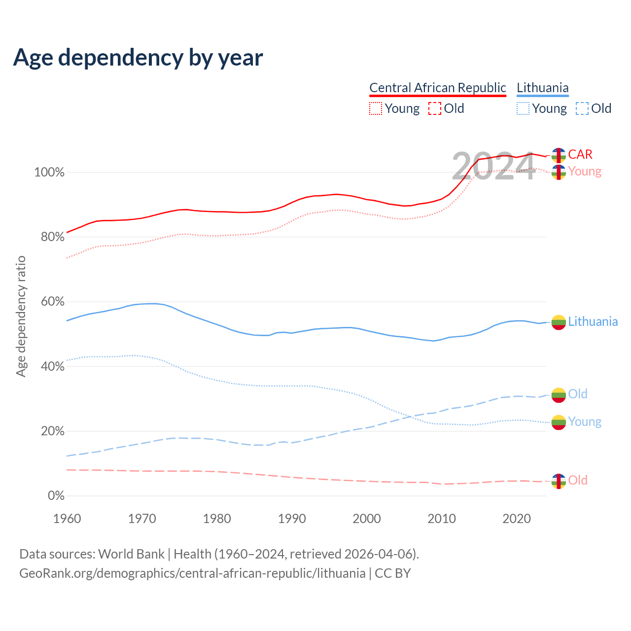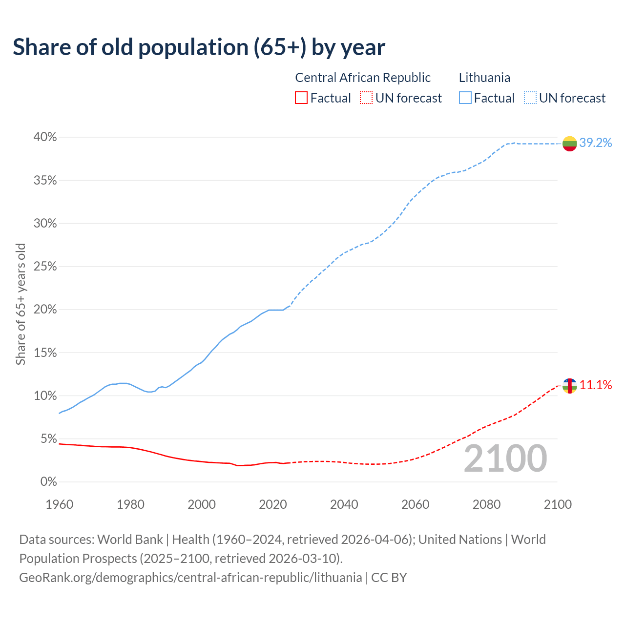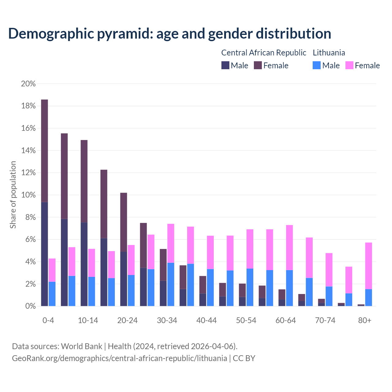 - The share of old-age demographic (65+) in the Central African Republic is 2.15% vs 20.2% in Lithuania.
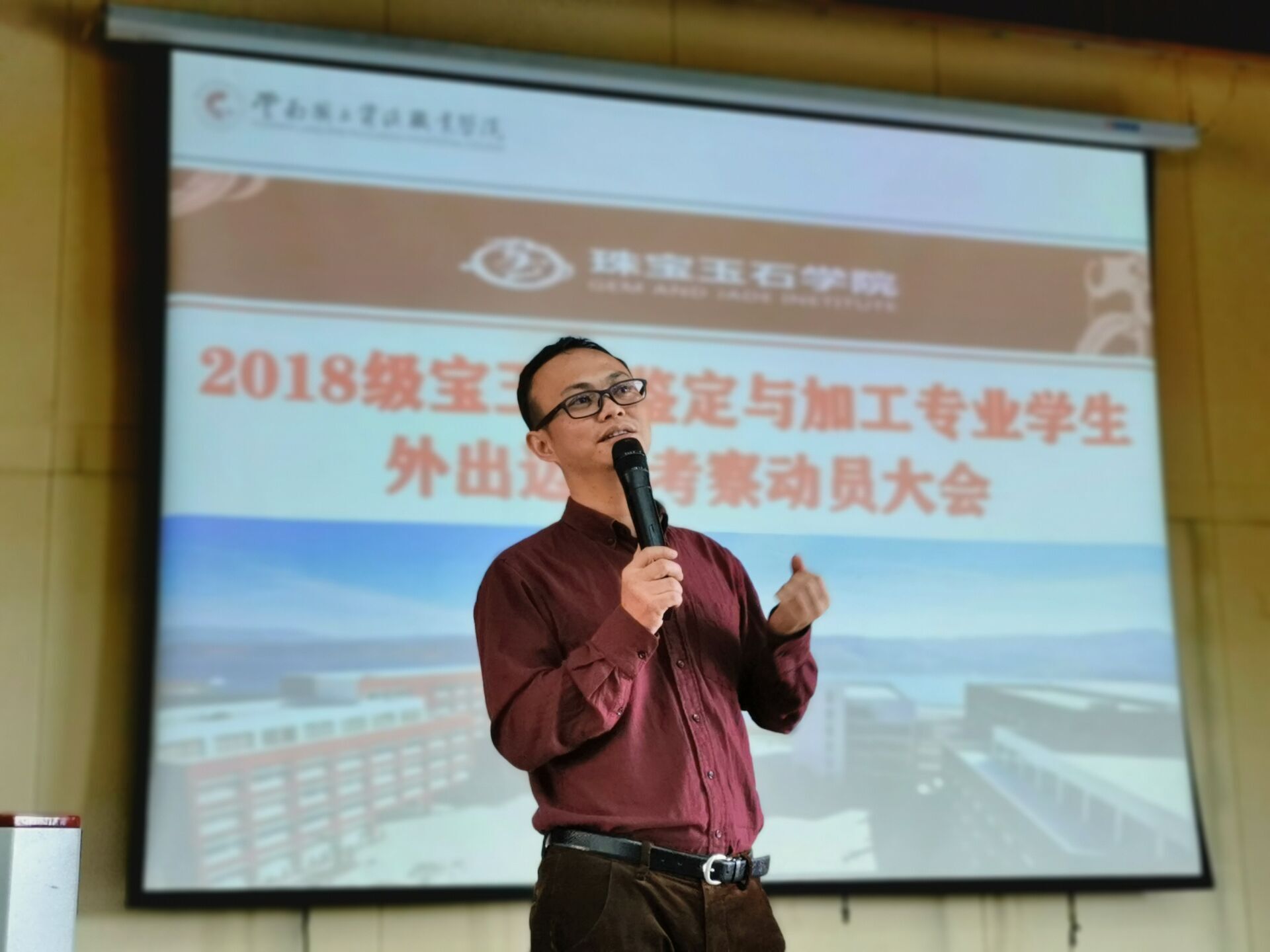 动员会上,汪朝飞副院长对外出实习的目的、内容、要求、行程以及相关注意事项进行了详细的介绍;同时对地域文化、饮食差异,外出住宿,身体健康等实习过程中的身心安全问题进行说明;陈雨帆老师也叮嘱同学们,在外出实习考察的同时也不能忘记学习,要做好学习记录,不能只玩不学,市场是更大的学校,我们要虚心请教,耐心学习,在实习过程中勤于思考,实践专业知识。最后,李根云老师再次强调,希望同学们能够进一步克服实习前的焦虑情绪,并且尽快了解并适应宝玉石鉴定与加工专业市场贸易的生活。同时,同学们在实习过程中,要遵守纪律,服从管理,提高安全防范意识,能够圆满地完成此次边贸考察实习活动。
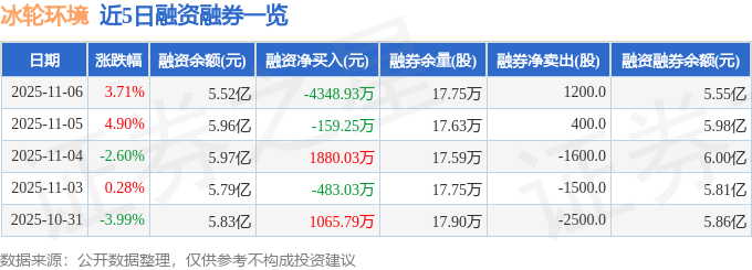 冰轮环境融资融券信息显示,融资方面,当日融资买入5955.37万元,融资偿还1.03亿元,融资净偿还4348.93万元。融券方面,融券卖出2200.0股,融券偿还1000.0股,融券余量17.75万股,融券余额267.99万元。融资融券余额5.55亿元。
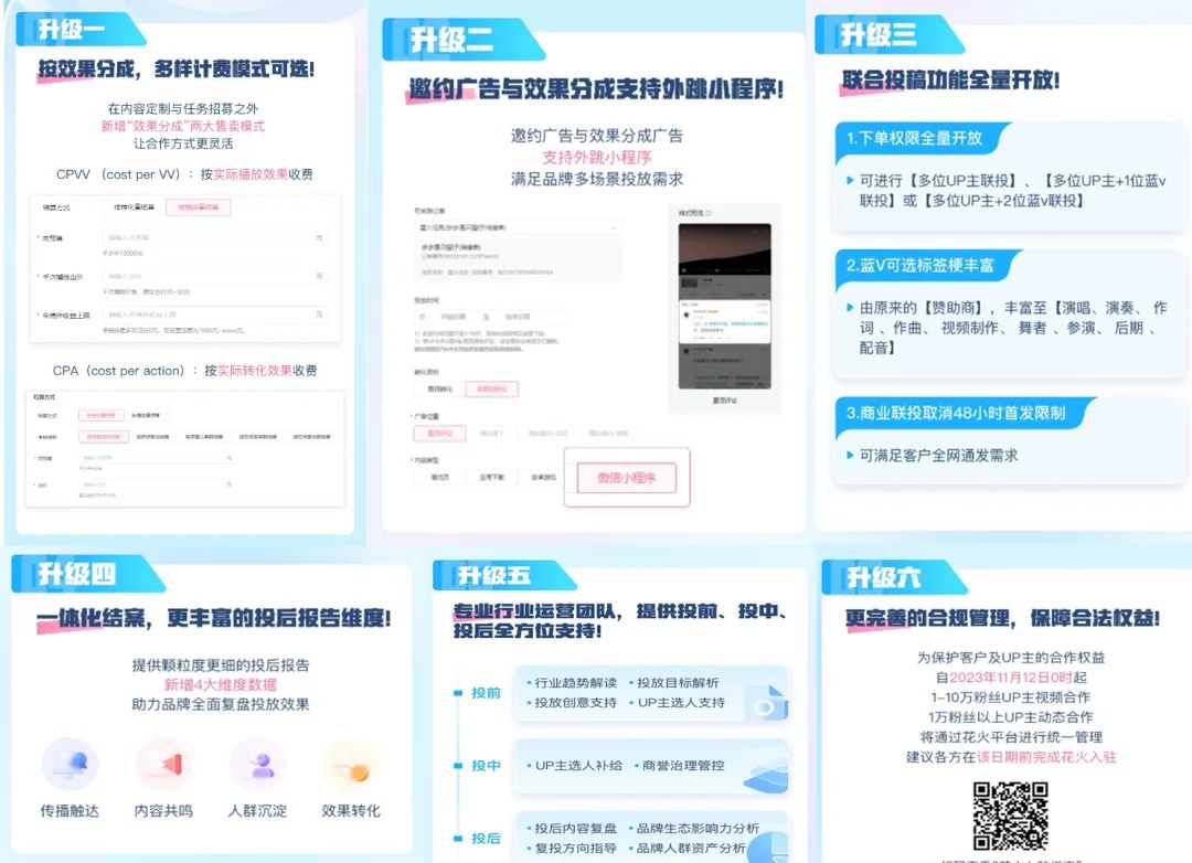 雙11前夕,B站官方商單平臺“花火平臺”迎來了6項(xiàng)能力升級,比如在內(nèi)容定制和任務(wù)招募外,新增了“效果分成”兩大售賣模式,可以按照播放量或是轉(zhuǎn)化量來結(jié)算,讓合作方式更靈活;邀約廣告和效果分成廣告,如評論區(qū)的藍(lán)鏈(點(diǎn)擊可外跳電商平臺或其他商品頁面),也將支持外跳微信小程序。
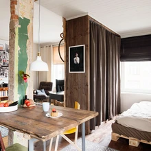 Elutuba, köök, kodukontor, magamistuba – see kõik on tema üks ja ainus tuba ning tuleb ikkagi leida kardinad, mis mõjuvad ühtviisi hästi magamistoas ja kodukontoris, ning mööbel, mis köögilaua taga istudes ei lubaks tekkida tundel, et meetri kaugusel olev elutuba võib siiski tegelikult asuda teisel planeedil.
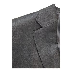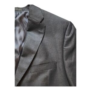 TailoRED union made men's blazer, crafted from luxurious REDA 1865 Super 130’s wool, a premium Italian fabric known for its exceptional quality, softness, and durability. This contemporary classic blazer is designed with a sleek, tailored fit that complements both formal and smart-casual looks. Charcoal gray with a refined sheen, it features a single-breasted silhouette with a sharp two-button closure, a classic notch lapel, and a single back vent for ease of movement. The blazer is fully lined with smooth black satin, accented with bold red stitching for a modern touch, and includes multiple interior pockets for functionality. The striped sleeve lining adds a subtle yet stylish detail, while finished with four marbled buttons, enhancing its refined look.
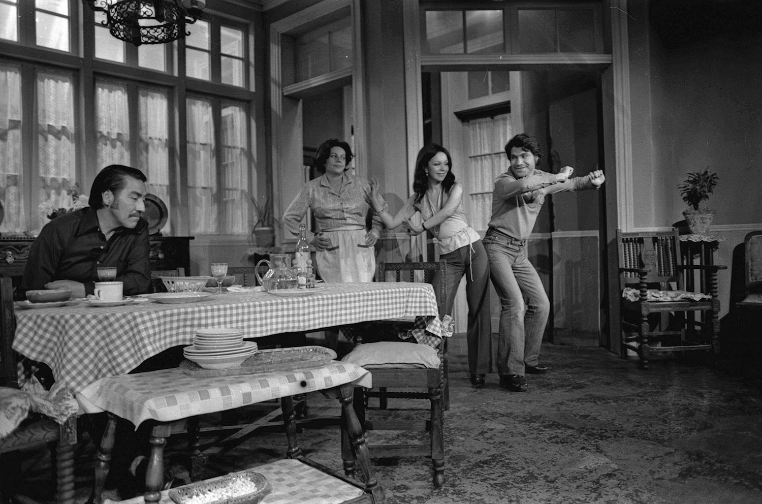 Juan Quezada, Gabriela Medina, Clara María Escobar y Nelson Báez en ensayo de La familia de Marta Mardones, obra de Fernando Cuadra. Este montaje, dirigido por Pedro Mortheiru, fue el último realizado por el Teknos antes de su cierre por orden del Vicerrector Roberto Escobar. Su última función fue realizada en mayo de 1977.
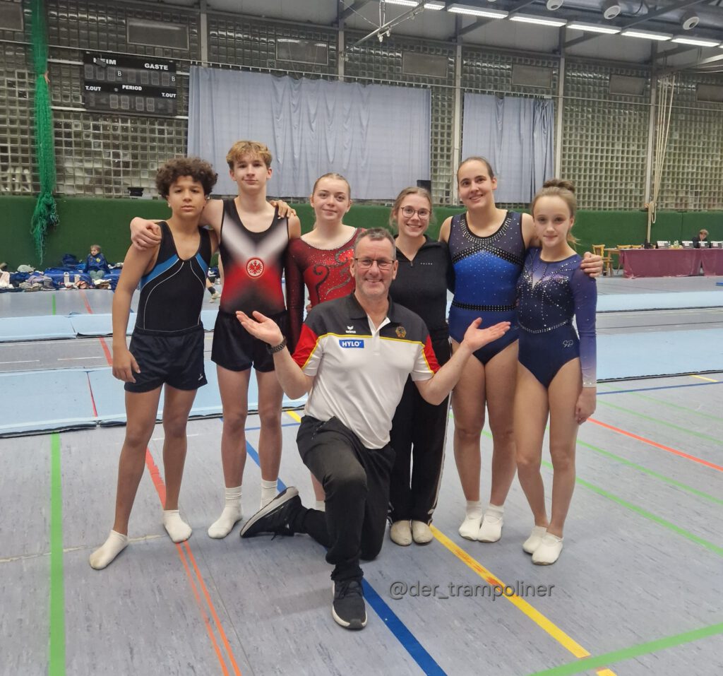 Die Trampolin Jugendliga in Hessen fand auch in diesem Jahr wieder in der zweiten Jahreshälfte statt und insgesamt wurden zuvor 25 Mannschaften gemeldet. Sie starteten in zwei Gruppen und nach der Vorrunde, die in den Monaten September, Oktober, November ausgetragen wurde, nahmen dann die jeweils drei besten Teams der Tabelle in einer Play Off Veranstaltung an der Endrunde teil. Diese wurde in Rüsselsheim ausgetragen und die Landesmeisterschaft 2025 gewann der ausgemachte Favorit TT Niedernhausen (255,5) recht eindrucksvoll vor Neuling SKYFLYER SC Steinatal (242,4) und TG Dietzenbach (237,5). Doch schon mit etwas Abstand die weiteren Nachwuchsgruppen TT Niedernhausen II (224,0), SKG Rodgau (222,9) und TV Dillenburg (222,8). Für die U 14 Nachwuchssportler einen Monat vor Weihnachten ein toller Jahresabschluss.
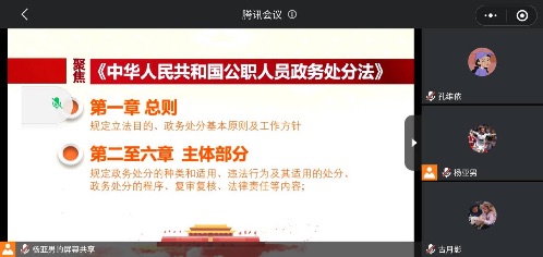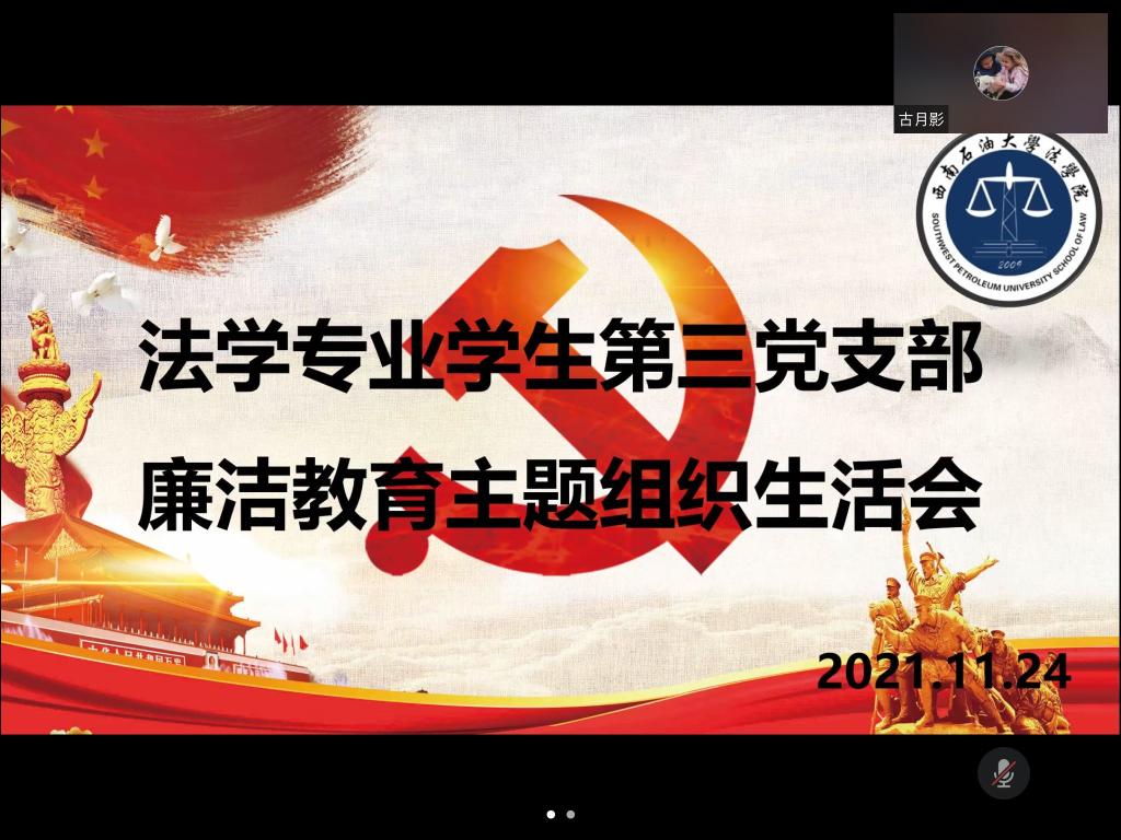 2021年11月24日晚20:00,西南石油大学法学院法学学生第三党支部通过腾讯会议开展了线上会议,会议开展了廉洁教育,并围绕《把权力关进制度的笼子里——中国共产党反腐倡廉理论与实践》一书进行了读书分享。会议应到15人,实到15人,党支部书记平凯同志主持本次会议,会议顺利召开。
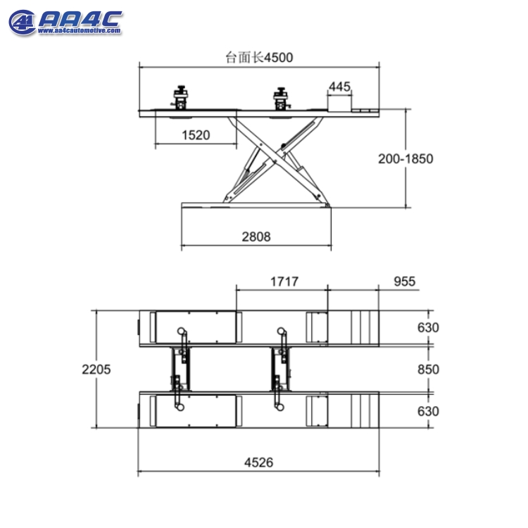 AA4C alignment scissor lift with slide rolling jack AA-ALSL8250AL 5.0T 4.8M runway
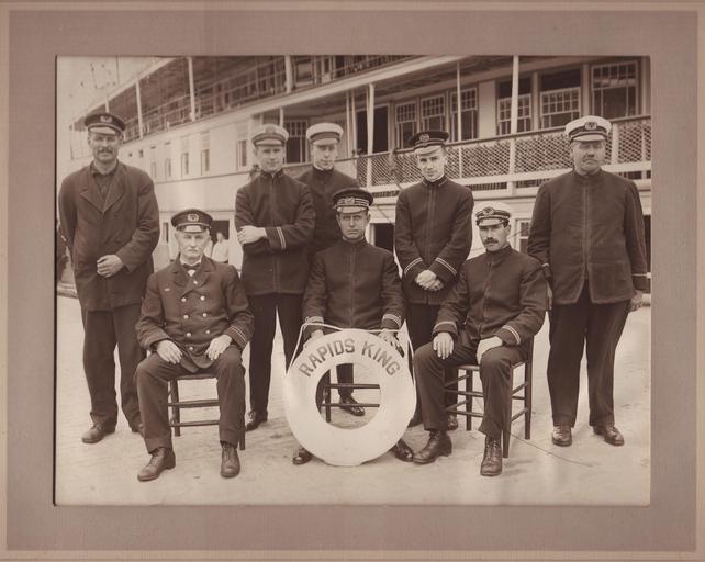 | Keywords: montreal 1920s shipping people sailors monochrome Crew members of the Rapids King, a steamship operated by the Richelieu and Ontario Navigation Company (Canada Steamship Lines after 1913). The middle decks of the ship are visible in the background. The photograph was taken by the photographic firm of Black and Bennett, 85 Bleury Street, Montreal. The Rapids King was built in Toronto in 1907 and was retired from service in 1931. An article in the New York Times of 18 July 1921 describes the crew's rescue of passengers of this ship on the previous day, after its rudder chain was broken in the Long Sault Rapids en route from Prescott, Ontario, to Montreal, Quebec. It is possible that this picture was taken after this event. Crew members of the Rapids King, a steamship operated by the Richelieu and Ontario Navigation Company (Canada Steamship Lines after 1913). The middle decks of the ship are visible in the background. The photograph was taken by the photographic firm of Black and Bennett, 85 Bleury Street, Montreal. The Rapids King was built in Toronto in 1907 and was retired from service in 1931. An article in the New York Times of 18 July 1921 describes the crew's rescue of passengers of this ship on the previous day, after its rudder chain was broken in the Long Sault Rapids en route from Prescott, Ontario, to Montreal, Quebec. It is possible that this picture was taken after this event. |

(TASK PROMPT) Only the lines from the first line of the listing above through the line with "Elutuba, köök, kodukontor, magamistuba" should be set down, exactly and without pictures.

(OUTPUT BELOW)
 - The share of old-age demographic (65+) in the Central African Republic is 2.15% vs 20.2% in Lithuania.
 动员会上,汪朝飞副院长对外出实习的目的、内容、要求、行程以及相关注意事项进行了详细的介绍;同时对地域文化、饮食差异,外出住宿,身体健康等实习过程中的身心安全问题进行说明;陈雨帆老师也叮嘱同学们,在外出实习考察的同时也不能忘记学习,要做好学习记录,不能只玩不学,市场是更大的学校,我们要虚心请教,耐心学习,在实习过程中勤于思考,实践专业知识。最后,李根云老师再次强调,希望同学们能够进一步克服实习前的焦虑情绪,并且尽快了解并适应宝玉石鉴定与加工专业市场贸易的生活。同时,同学们在实习过程中,要遵守纪律,服从管理,提高安全防范意识,能够圆满地完成此次边贸考察实习活动。
 冰轮环境融资融券信息显示,融资方面,当日融资买入5955.37万元,融资偿还1.03亿元,融资净偿还4348.93万元。融券方面,融券卖出2200.0股,融券偿还1000.0股,融券余量17.75万股,融券余额267.99万元。融资融券余额5.55亿元。
 雙11前夕,B站官方商單平臺“花火平臺”迎來了6項(xiàng)能力升級,比如在內(nèi)容定制和任務(wù)招募外,新增了“效果分成”兩大售賣模式,可以按照播放量或是轉(zhuǎn)化量來結(jié)算,讓合作方式更靈活;邀約廣告和效果分成廣告,如評論區(qū)的藍(lán)鏈(點(diǎn)擊可外跳電商平臺或其他商品頁面),也將支持外跳微信小程序。
 Elutuba, köök, kodukontor, magamistuba – see kõik on tema üks ja ainus tuba ning tuleb ikkagi leida kardinad, mis mõjuvad ühtviisi hästi magamistoas ja kodukontoris, ning mööbel, mis köögilaua taga istudes ei lubaks tekkida tundel, et meetri kaugusel olev elutuba võib siiski tegelikult asuda teisel planeedil.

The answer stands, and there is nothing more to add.